« Supreme Court Taking a Shot at Chicago's Gun Ban | Illinois Democrats' Sudden Reform of the Pension System » |
Education Wed Mar 24 2010
Big Bill Thompson, Clout Lists, and Local Control
Arne Duncan is a disaster. His model for school improvement (e.g., "privatize it") is a failure, as even former staunch supporters of charter-focused reform like Diane Ravitch are realizing:
If this plan is enacted as proposed, it will eventually become just as toxic as NCLB. Only we won't know it for another five years or so after the evidence of devastated schools and communities has accumulated.
It's not too late, Secretary Duncan, turn back and offer a helping hand, not a death sentence. Send help, not a firing squad.
Now a story is gurgling in the local press about former Chicago schools chief Arne Duncan's involvement in clouting kids into better schools. Duncan hasn't responded to the report, as I could find, but the evidence is fairly damning that Duncan exploited the discretionary powers of magnet and selective-enrollment school principals to admit kids outside of the usual channels. (Consider this psychic fuel in our on-going quest to have Arne Duncan justify his existence).
Whispers have long swirled that some children get spots in the city's premier schools based on whom their parents know. But a list maintained over several years in Duncan's office and obtained by the Tribune lends further evidence to those charges. Duncan is now secretary of education under President Barack Obama.
The log is a compilation of politicians and influential business people who interceded on behalf of children during Duncan's tenure. It includes 25 aldermen, Mayor Richard Daley's office, House Speaker Michael Madigan, his daughter Illinois Attorney General Lisa Madigan, former White House social secretary Desiree Rogers and former U.S. Sen. Carol Moseley Braun.
Non-connected parents, such as those who sought spots for their special-needs child or who were new to the city, also appear on the log. But the politically connected make up about three-quarters of those making requests in the documents obtained by the Tribune.
This is nothing new. But it is one of the things that democratic control of schools by local school councils (LSCs) was meant to monitor and rectify. The specter of patronage in the school system has become more ominous as privatization has wrecked this democratic oversight and and created regional charters that suck funds from existing public schools. Charters of course cannot be governed by local school councils, and with little public oversight and no contract regulating the workplace, operate with little regulatory scrutiny.
With no civil service style workplace regulations and no democratic oversight, you can bet that a school district infected with fly-by-night charter schools will operate according to the political as much as the economic market. Charters dependent for their very existence on the political will of state legislators, the Mayor, and City Council, will be influenced by clout calls for admissions--and clout calls for professional positions.

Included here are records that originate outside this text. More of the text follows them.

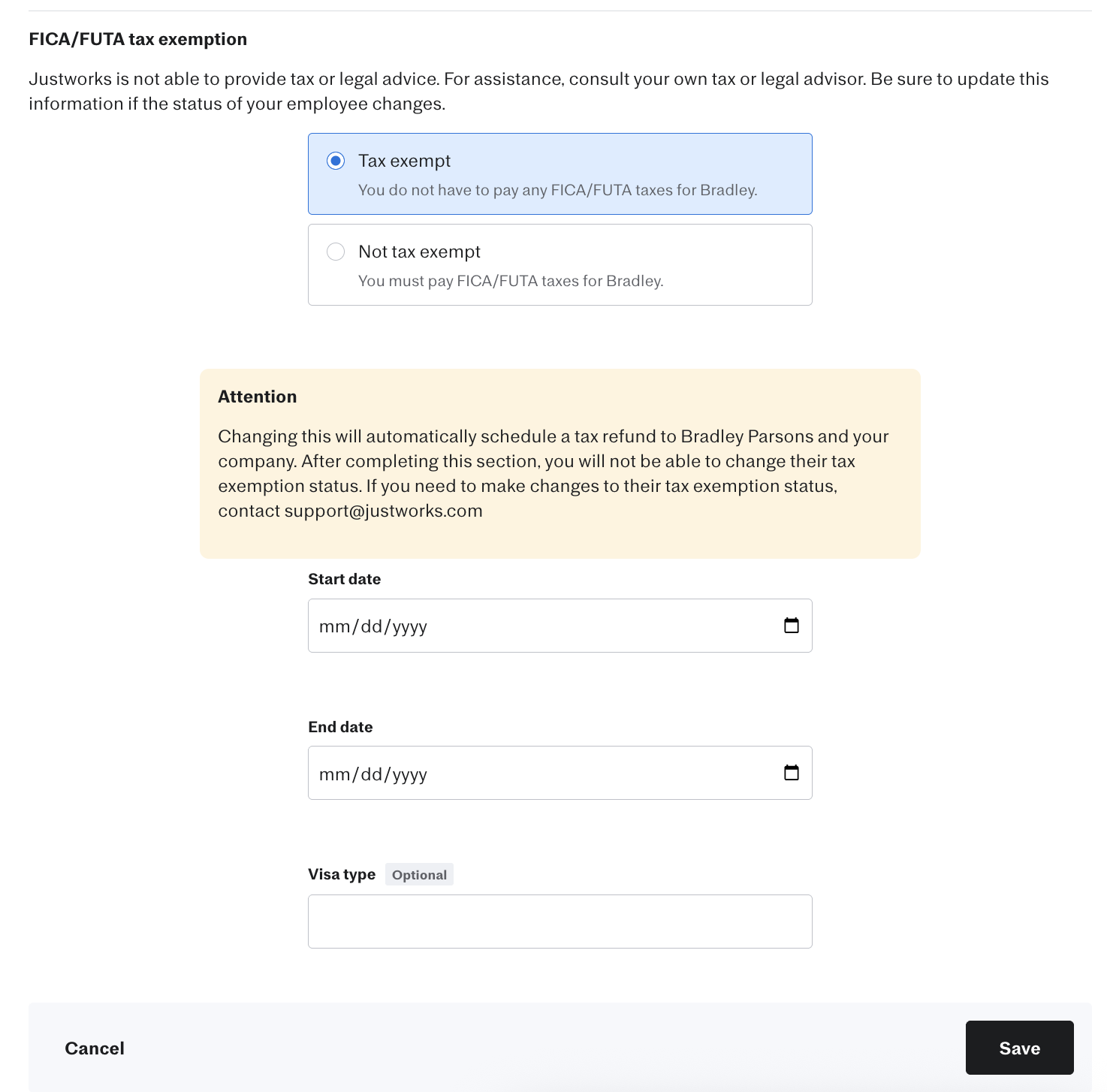 If you have employees who are on foreign visas that are exempt from FICA/FUTA taxes, you can mark them as such in Justworks.
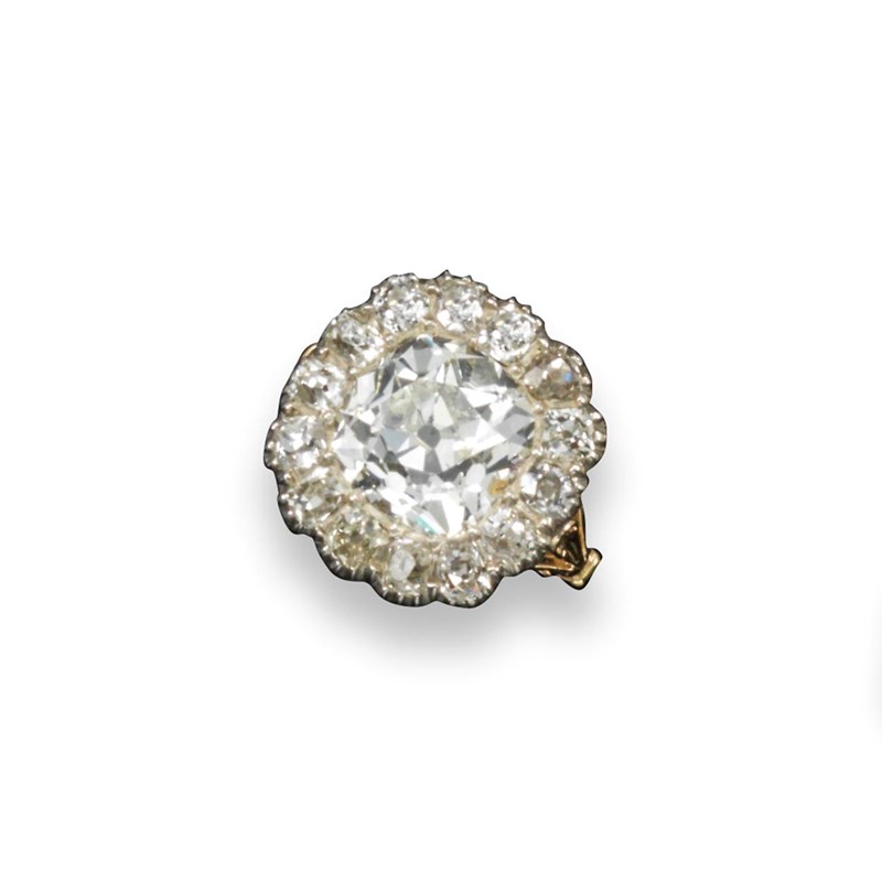 A diamond cluster ring, the centre cushion-shaped diamond weighs approximately 5.00cts and is set in a surround of fourteen smaller cushion-shaped diamonds in silver and gold. Pierced shank with stylised fleur-de-lys shoulders. Size J. (Including sizing sleeve to the inner shank).
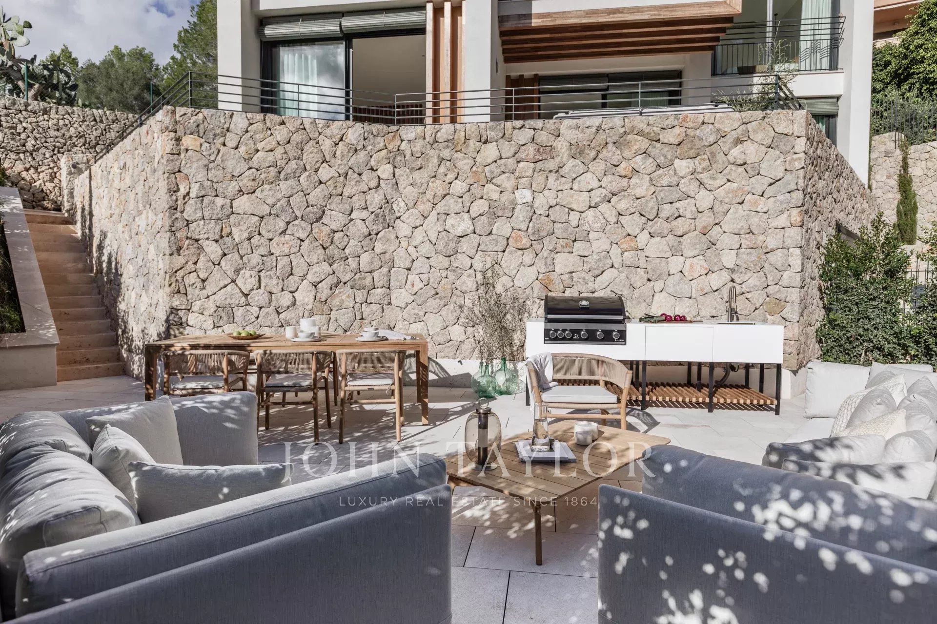 Completamente arredato con pezzi italiani su misura di Barzaghi Salotti ed Ethimo, ogni spazio riflette un'eccezionale maestria. Tutti i lavori di falegnameria - tra cui cucine, armadi e bagni - sono stati realizzati a mano da artigiani maiorchini, garantendo precisione e qualità.
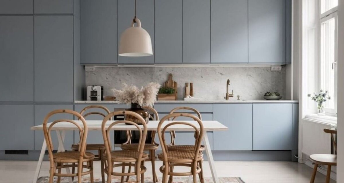 Светлые оттенки: Белая кухня — это классика скандинавского стиля. Белый цвет визуально увеличивает пространство, что особенно актуально для небольших помещений и маленькой квартиры. Однако, кроме белого, в интерьере часто используются светлые оттенки серого, голубого и бежевого.
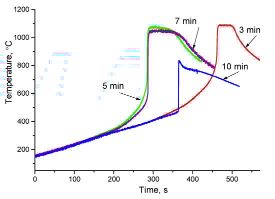 When the synthesis occurs in TE mode, the reaction is initiated in the system over its entire volume. A series of studies have been conducted to analyze the effect of HEBM on the parameters of TE of mixtures of different compositions [31,32,33,34,35,36,37,38,39]. It was shown that the duration of HEBM of the reaction mixtures influences the ignition temperature Tign and the maximum temperature Tmax of TE.
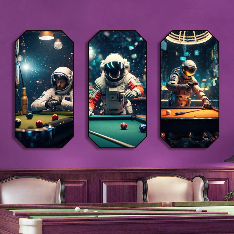桌球室挂画台球厅斯诺克俱乐部创意宇航员装饰画娱乐会所个性壁画
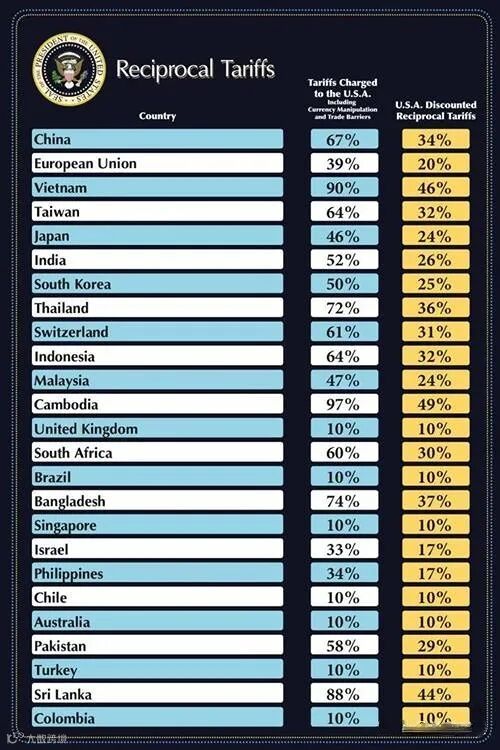 基础关税(10%)自4月5日生效,对等关税自4月9日生效。
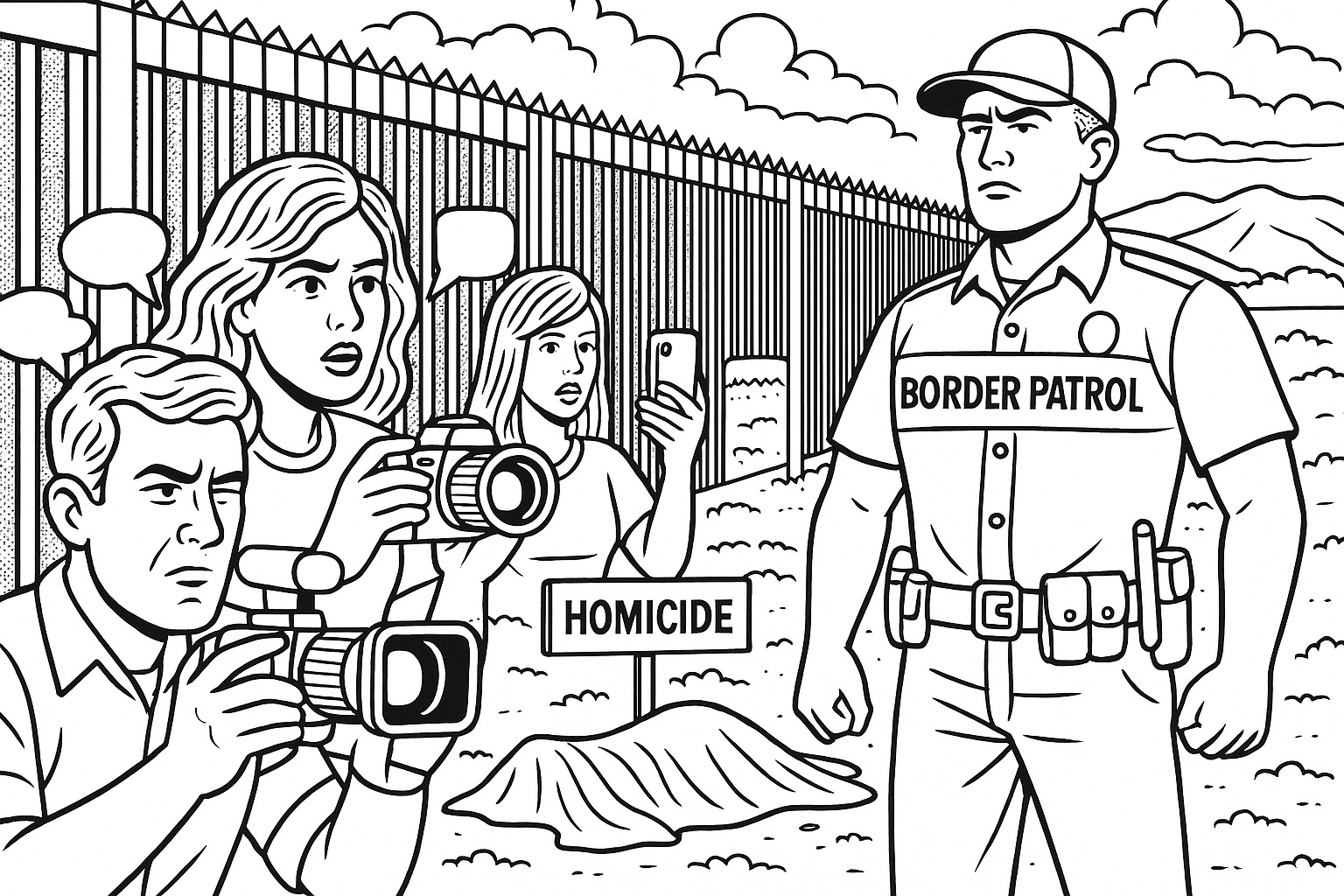 Alright, team! This is a classic defense standoff at the border! We see individuals documenting every play like a Sunday game. Those fences are standing strong as a fortress of civilization! But here comes the curveball – tragedy striking as a potential homicide. We need strategy, not chaos! Border protection is our frontline, chaps! Let's ensure safety while paying respect to those impacted. Play tight, play right!
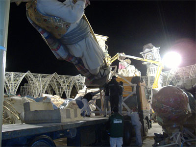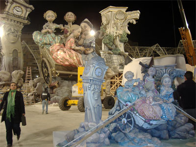 Mientras se bajaba una de las piezas, nosotros continuábamos cambiando impresiones con el artista que nos comentaba que todavía faltaba por llegar hoy un camión y que el resto llegaría a partir de mañana. "Falta mucho por traer, esto es una barbaridad de falla lo que vamos a plantar este año aquí. Hay mucha más falla que el año pasado".

The Board of Education is already a shockingly undemocratic body; not only is it essentially an arm of the Mayor's office given his power to appoint members and his iron-fisted control of the City Council, but literally none of the members are educators, so they don't reflect the District. The only thing mitigating this top-down control was the (nevertheless limited) local school councils. As they disappear, management falls out of professional control with public guidance into purely political control.
The ramifications of that can be serious. Consider when Mayor "Big" Bill Thompson, the last Republican Mayor of Chicago, consolidated control of the School Board and tried to chase out educators not in line with his quasi-nativist uber-patriotic "America First" platform.
Thompson's heavy handed actions against schools superintendent William McAndrew caused a national sensation and resulted in a major lawsuit against the school district and national shame for the city, all to enforce a political ideology in the schools. The civil service protections found in union contracts, and the institution of local, democratic control were created after long struggles to root out just these kinds of problems. The trend towards privatization is not progressive or visionary, but reactionary, seeking to undo reforms dearly won.
alanmarks / March 24, 2010 4:28 PM
I don't agree in particular about Ravitch is just another "elite educator" her credentials and creditability are all based on "academic research" she has never taught a class in more than 40 years. We don't need anymore of her type and Duncan..well resignation is the best option for him.